Gary Jeffers writes:
>                THE CYPHERPUNKS' ELECTRONIC BOOK (CEB)
>
>[lots of good ideas deleted]
>
>            MAJORDOMO IS THE TOOL
>   We could use Majordomo as the book's distributor.
I'm not familiar with Majordomo. But allow me to suggest that this project might work well if it were organized as a set of World Wide Web pages.

Starting Point

You'd start with a home page located on an easily accessible machine, just like the Cypherpunks home page that someone (Sameer?) created a while ago. This machine would run the HTTP (Hypertext Transfer Protocol) daemon; a process which accepts requests from WWW browsers and returns hypertext pages.

Adding Information

Now, if someone wants to contribute information to the CEB, they could create one or more HTML (Hypertext Markup Language) pages. This is easy to do; HTML is just ASCII text which contains some simple markup commands -- like this message.
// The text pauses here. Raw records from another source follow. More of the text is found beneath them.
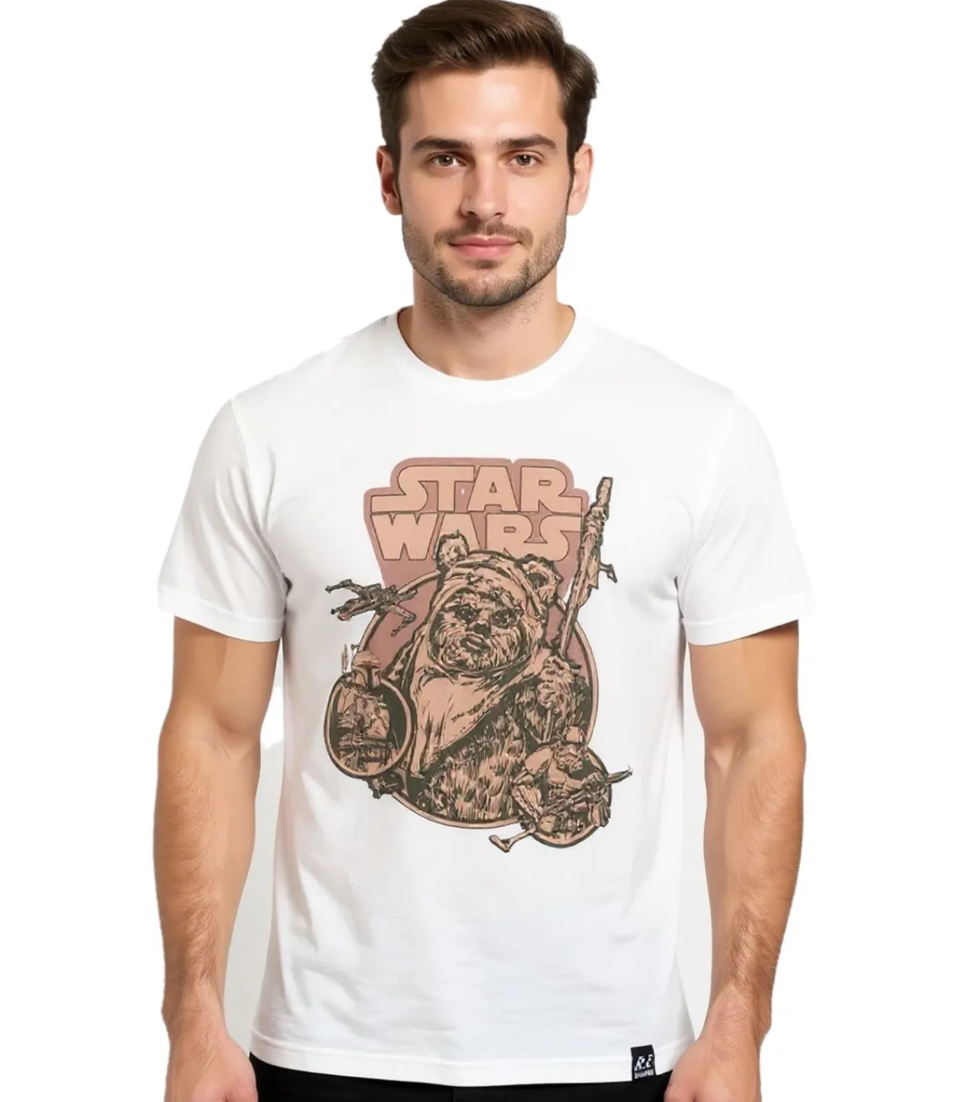 RE:COVERED X STAR WARS Herren T-Shirt mit Ewok Print Baumwoll-Shirt Kurzarm-Shirt RCDIF2044 Ecru-Weiß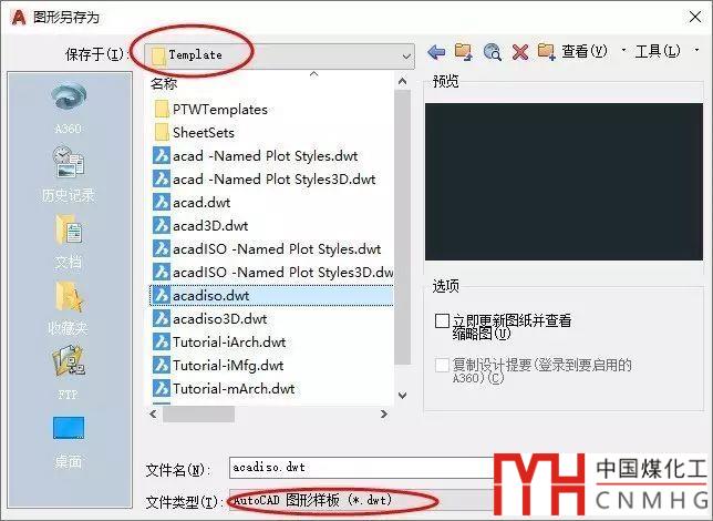 單擊另存為按鈕或按CTRL+S,打開另存為對話框,在下面的文件類型中選擇AutoCAD 圖形樣板(*.dwt),保存的目錄會自動切換到CAD的樣板文件所在的路徑,如果你不想覆蓋CAD默認(rèn)的模板文件,可以自己取個名字,比如A3-100,表示1:100的A3圖紙,你也可以直接覆蓋CAD默認(rèn)的模板文件,如圖所示。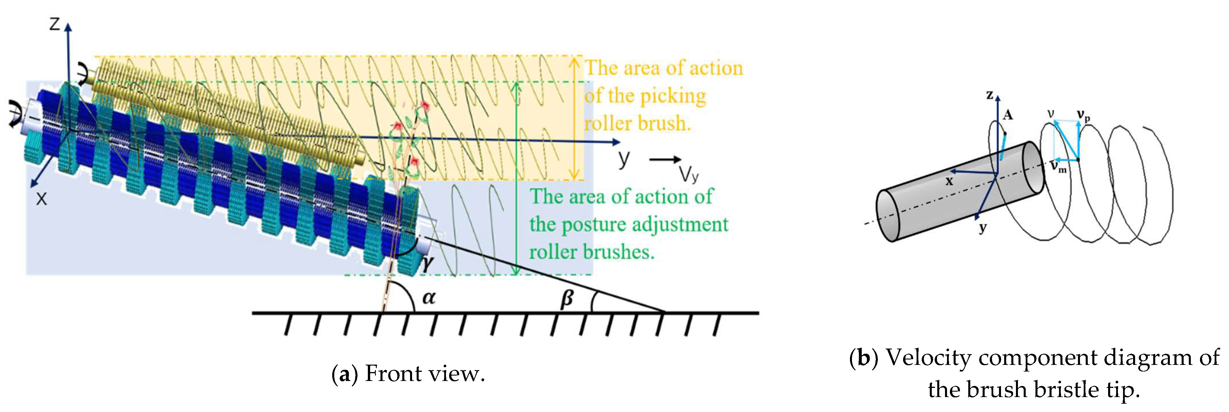 4.2. Kinematic Characteristics Study of the Roller Brushes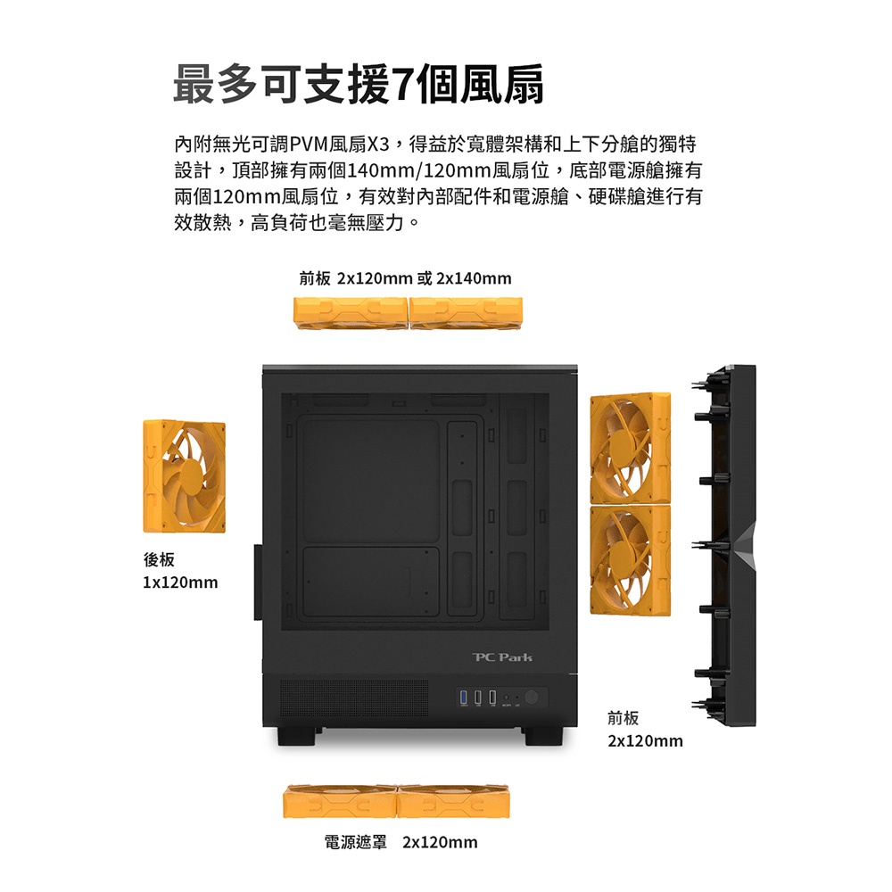 可裝風扇數:前板:12cm風扇 x2 後板:12cm 風扇 x1 頂板:12cm風扇 x2 or 14cm x2 電源遮罩:12cm風扇x2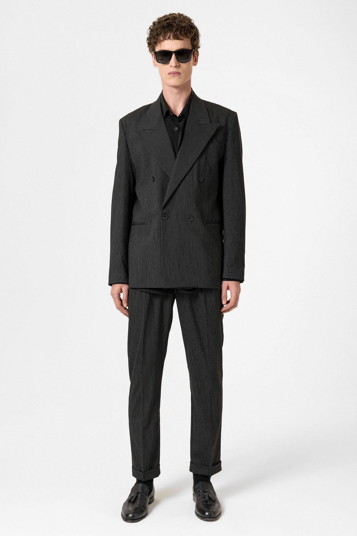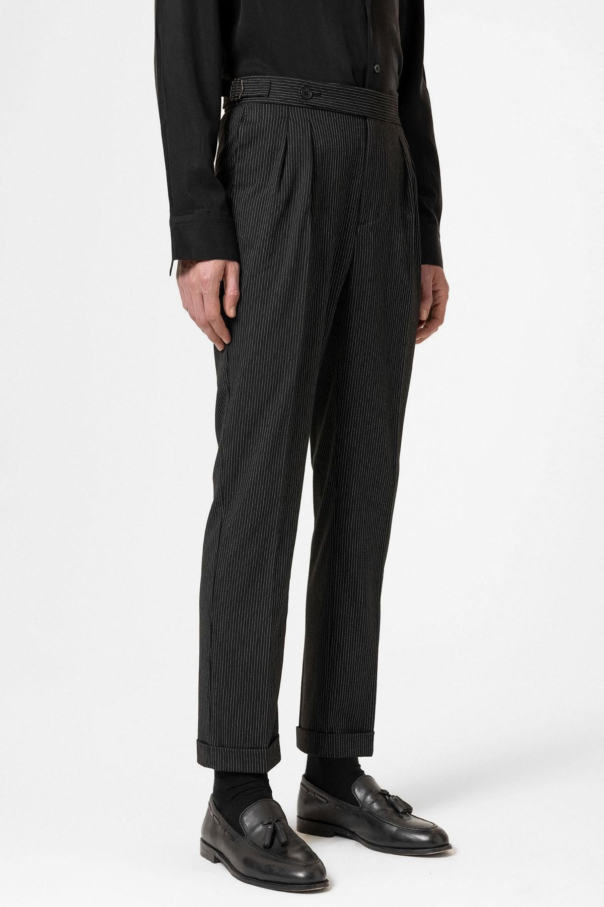 Siyah Yüksek Bel Çizgili Duble Paça Erkek Pantolon
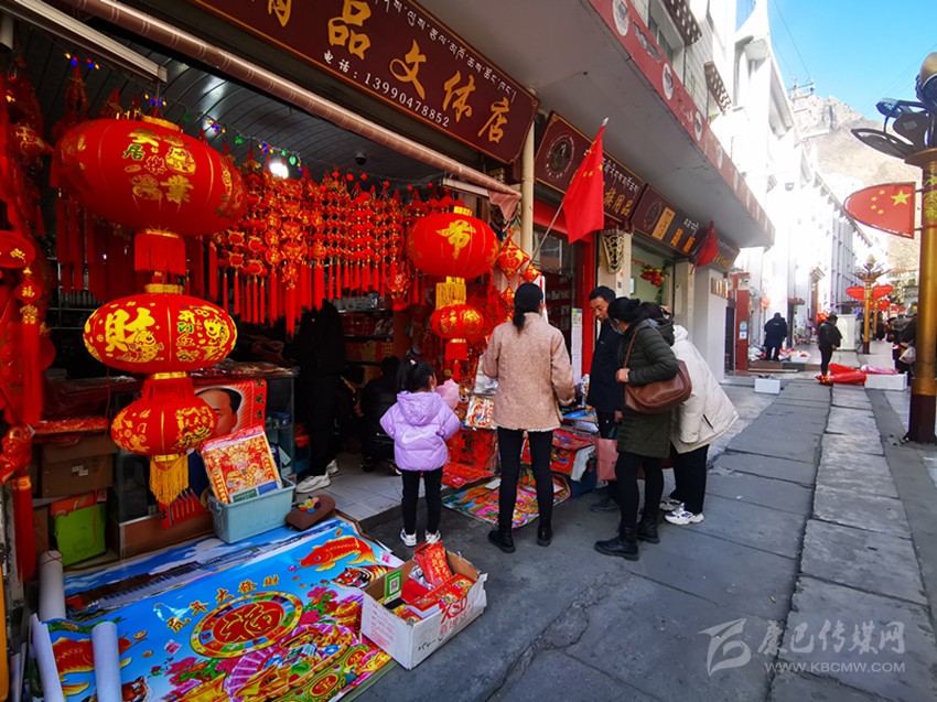 康定城區(qū)的各商場、超市紛紛擺出各類年貨,品種繁多,年味十足。走進東關(guān)菜市場,濃濃的年味撲面而來,紅紅的燈籠、春聯(lián)、福字、中國結(jié)等新春飾品琳瑯滿目,吸引眾多市民前來購買,商家忙得笑逐顏開。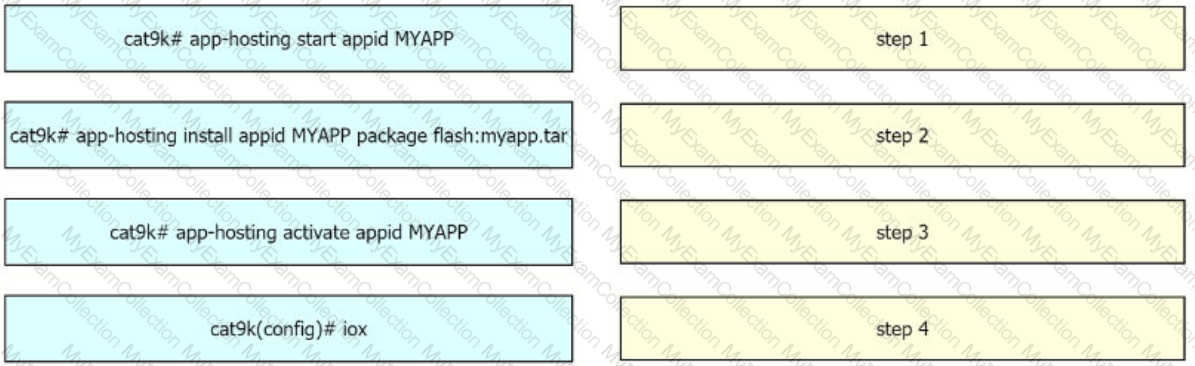 Drag and drop the steps from the left into the order on the right to configure and install a container on a Cisco Catalyst 9000 Series Switch.

To add the new pages to the CEB, the author could do one of two things:

  • Send the pages to the CEB maintainer, who adds them to the CEB on the main machine.
  • Set up his/her own HTTP server, and ask the CEB maintainer to update the CEB so that it includes a hypertext link to the author's machine.
Readers can now use a browser like Mosaic or Lynx to read the contents.

Advantages

The WWW approach offers a number of advantages:
  • familiarity The Web is growing at a tremendous rate, and Mosaic is rapidly becoming the browser of choice. If the goal is to DISSEMINATE this IMPOR.. -- sorry, to make the CEB easy for people to use, it would help if it were based on a technology with which people are already familiar.

  • distributed responsibilities It's easy for individuals or groups to set up and maintain servers devoted to specific topics. Once a link has been made from the main CEB, the CEB maintainer doesn't need to be involved in every change to that subtopic.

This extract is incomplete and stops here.